E’ stato altresì evidenziato come il diritto di critica debba rispettare il principio della continenza sostanziale (secondo cui i fatti narrati devono corrispondere a verità) e quello della continenza formale (secondo cui l’esposizione dei fatti deve avvenire misuratamente), precisandosi al riguardo che, nella valutazione del legittimo esercizio del diritto di critica, il requisito della continenza c.d. formale, comportante anche l’osservanza della correttezza e civiltà delle espressioni utilizzate, è attenuato dalla necessità, ad esso connaturata, di esprimere le proprie opinioni e la propria personale interpretazione dei fatti, anche con espressioni astrattamente offensive e soggettivamente sgradite alla persona cui sono riferite.
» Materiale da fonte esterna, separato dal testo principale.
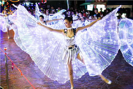 游樂項(xiàng)目、百萬海洋球、繽紛演出,將填滿游客白天的歡樂時(shí)光。方特夢幻王國的篝火狂歡將歡樂在黑夜延續(xù)。夜幕降臨,主會(huì)場篝火熊熊燃起——富有儀式感的點(diǎn)火儀式、粗獷的火把舞、灑脫的甩發(fā)舞、互動(dòng)滿滿的竹竿舞等,將帶游客感受來自原始時(shí)代的野性與歡樂。

Occorre, pertanto, ricercare un bilanciamento dell’interesse che si assume leso con quello a che non siano introdotte limitazioni alla libera formazione del pensiero costituzionalmente garantito.
Sulla scia degli esposti principi, è stato altresì rimarcato che l’ esercizio del diritto di critica del lavoratore nei confronti del datore di lavoro è legittimo se limitato a difendere la propria posizione soggettiva, nel rispetto della verità oggettiva, e con modalità e termini inidonei a ledere il decoro del datore di lavoro o del superiore gerarchico e a determinare un pregiudizio per l’impresa.
La giurisprudenza di legittimità ha, altresì, escluso che la denuncia di fatti di potenziale rilievo penale accaduti nell’azienda possa integrare giusta causa o giustificato motivo soggettivo di licenziamento, a condizione che non emerga il carattere calunnioso della denuncia medesima, che richiede la consapevolezza da parte del lavoratore della non veridicità di quanto denunciato e, quindi, la volontà di accusare il datore di lavoro di fatti mai accaduti o dallo stesso non commessi.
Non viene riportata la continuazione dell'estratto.